Description: Cluster analysis defines groups of cases based on the similarity of multiple variables measured for each case; the algorithm picks the groups, they are not defined in advance as for DFA. Similarity is often measured in terms of "distance," which has a very general meaning in cluster analysis. The number of species common to 2 stream sites could be a measure of "distance" between the sites.

Simple example: Suppose that within a region you have measurements for stream channels that are probably related to each other such as {width, depth, sinuosity, slope}. For every possible pair of stream sites you compute a measure of distance, for example, squared distances, for all the stream measurements and then sum them.

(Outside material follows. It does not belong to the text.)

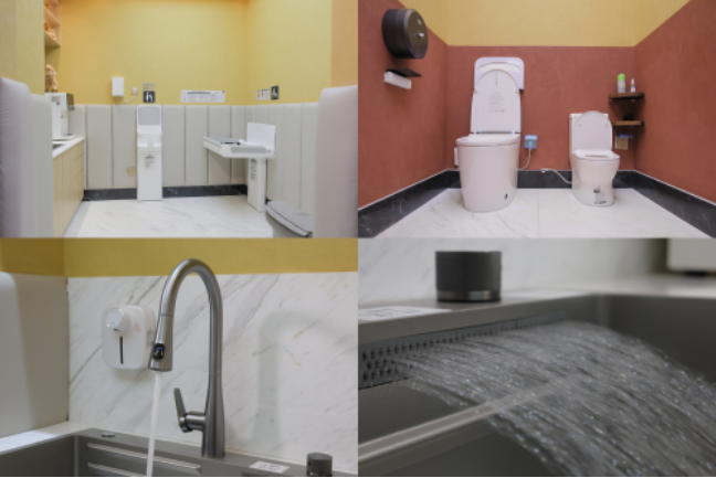 茶歇區配置九牧多功能水槽,集砧板、置物槽、瀝水板、洗杯器及感應抽拉龍頭等一體式設計,便利沖洗,分區操作,讓游客暢享舒適。母嬰室配備嬰兒護理臺、嬰兒座椅、水槽,第三衛生間、無障礙衛生間人性化設置兒童小便器、兒童馬桶及各類扶手,讓不同群體都能在此從容如廁。

Cluster analysis returns to you a dendritic tree, or dendogram, that shows how sites were grouped (or split) first, which next, and so on until the number of clusters you initially specified is obtained.

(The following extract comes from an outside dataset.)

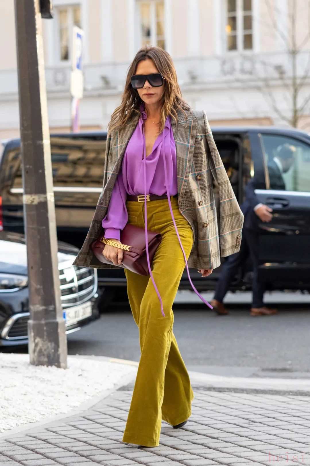 現(xiàn)在追求的是長到腳面,甚至微微拖地的長度,更心機一點,可以讓你內(nèi)藏一雙高跟鞋、高跟靴,悄悄增高,然后驚艷所有人。這種穿搭一向是貝嫂Victoria Beckham的最愛,氣場拉滿,所向披靡。

It's up to you to interpret the output. You must evaluate the groups and determine what it is that they have in common. For this example, it might be ecoregion, elevation or valley shape.

MAIA example: Stribling, et al. (1998) used cluster analysis to group stream sites according to the invertebrate species present at each site. They used least impaired sites to ensure that clusters were related to natural species distributions rather than human disturbance. They found that the site clusters were best explained in terms of the ecoregion in which they were located.

Figure

Cluster analysis of Maryland stream invertebrates. Each branch represents a stream site. (Click for information about alternate access)

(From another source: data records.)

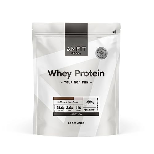 Amazon Brand – Amfit Nutrition Whey Protein Powder, Cookies & Cream New Flavour, 33 Servings, 1 kg (Pack of 1)
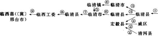①1912年称临清州;1913年改为临清县。②1942年划临清县、威县、清河县三县邻接地建宏毅县。③1946年临清市、县并置。④1949年原临清市改称临清镇。⑤1954年临清镇改设临清市。⑥1958年撤销临清县,并入临清市。⑦1963年废临清市,改称临清县。⑧1964年12月析临清县卫运河以西5个区置临西工委。⑨1965年4月9日置临西县。
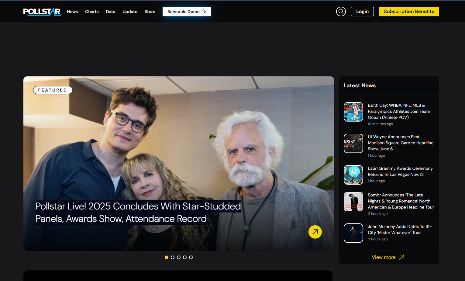 For news items on news.pollstar.com we refine article searches with a Pollstar News Search.

Figure: Cluster analysis of Maryland stream invertebrates. Each branch represents a stream site. Sites are marked with "n" or "s" to indicate they were in the Coastal Plain and "a", "p", or "v" indicates upland sites. The first mixed group and cluster 2 include sites mostly in the Coastal Plain; clusters 1 and 3 include mostly sites not in the Coastal Plain. Note that sites do not align perfectly, there is some mixing in the clusters which is not unusual.

How the method works: Cluster analysis can work from the top down (hierarchical or divisive) or the bottom  up (joining). That is, either groups of cases are divided into smaller groups repeatedly or individual cases are joined together repeatedly to make successively larger groups. After each successive step of splitting (or joining) a new distance measure is calculated for all possible pairs of the new groups. The model proceeds until the number of clusters you specified is reached.

The model operates by minimizing variability within clusters and maximizing variability between clusters.

Assumptions/limitations: This method doesn't assume a multivariate normal distribution for the variables like most of the other methods in this section, it is a distribution-free method.

On the other hand, cluster analysis does make a strong assumption that you have selected the appropriate distance measure for comparing cases. The outcome of any clustering analysis depends on how distance between cases was calculated. For example, when choosing a distance measure you must decide whether 2 stream sites are more alike if they share the same species or if they both have the same species missing. Different distance measures will weight these 2 cases differently.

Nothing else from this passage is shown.